Without the pictures, set down every line of the data exactly.

▶ _Data shown_:
>>>
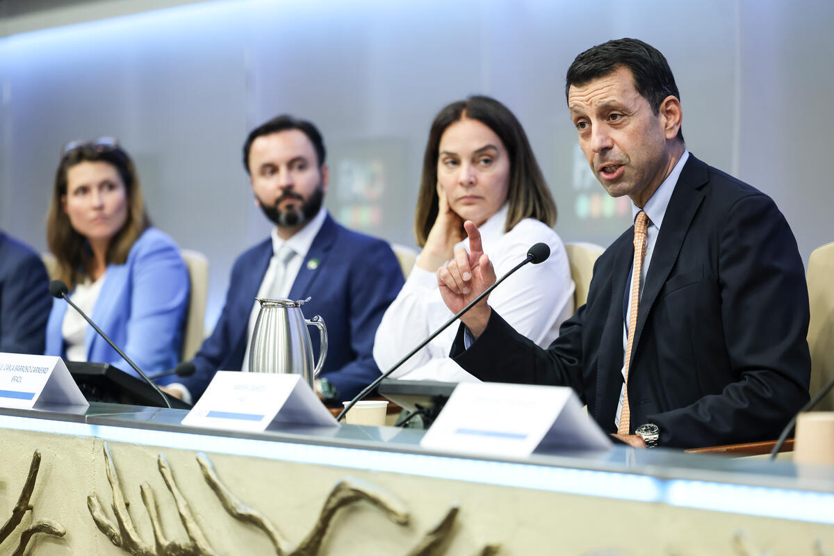 09 September 2025, Rome, Italy. Kaveh Zahedi Director Office of Climate Change, Biodiversity and Environment, FAO, (1st from R) delivers closing remarks during the Soft launch of RAIZ, Resilient Agriculture Implementation for net-Zero land degradation. FAO Headquarters (Sheikh Zayed Centre).
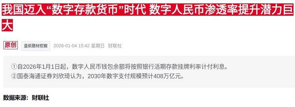 点击次数: 狗狗币,狗狗币走势,狗狗币怎么买,狗狗币在哪买,狗狗币价格,狗狗币挖矿,狗狗币官网,狗狗币交易平台,狗狗币钱包,狗狗币钱包下载,狗狗币最新消息,狗狗币注册,狗狗币开户,狗狗币下载网址,狗狗币APP2026年1月1日起,数字人民币钱包里的余额能算利息了——按银行活期存款利率来,这可是全球第一个给央行数字货币计息的国家。截止去年11月末,数字人民币已经处理了34.8亿笔交易,总金额16.7万亿元;还有专家算过,2030年数字支付规模可能到408万亿元,要是数字人民币渗透率到10%,交易额就得40多万亿。
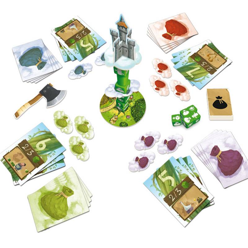 Empilez ensuite vos dés afin de faire pousser le haricot magique. Plus il sera haut, plus il sera difficile pour vos adversaires d’empiler leurs dés sans faire chuter le haricot ! Si un joueur fait tomber la pile de dés formant le haricot, ses adversaires pourront alors voler des sacs d’or au Géant !
<<<
▶ _Exercise result_:
 09 September 2025, Rome, Italy. Kaveh Zahedi Director Office of Climate Change, Biodiversity and Environment, FAO, (1st from R) delivers closing remarks during the Soft launch of RAIZ, Resilient Agriculture Implementation for net-Zero land degradation. FAO Headquarters (Sheikh Zayed Centre).
 点击次数: 狗狗币,狗狗币走势,狗狗币怎么买,狗狗币在哪买,狗狗币价格,狗狗币挖矿,狗狗币官网,狗狗币交易平台,狗狗币钱包,狗狗币钱包下载,狗狗币最新消息,狗狗币注册,狗狗币开户,狗狗币下载网址,狗狗币APP2026年1月1日起,数字人民币钱包里的余额能算利息了——按银行活期存款利率来,这可是全球第一个给央行数字货币计息的国家。截止去年11月末,数字人民币已经处理了34.8亿笔交易,总金额16.7万亿元;还有专家算过,2030年数字支付规模可能到408万亿元,要是数字人民币渗透率到10%,交易额就得40多万亿。
 Empilez ensuite vos dés afin de faire pousser le haricot magique. Plus il sera haut, plus il sera difficile pour vos adversaires d’empiler leurs dés sans faire chuter le haricot ! Si un joueur fait tomber la pile de dés formant le haricot, ses adversaires pourront alors voler des sacs d’or au Géant !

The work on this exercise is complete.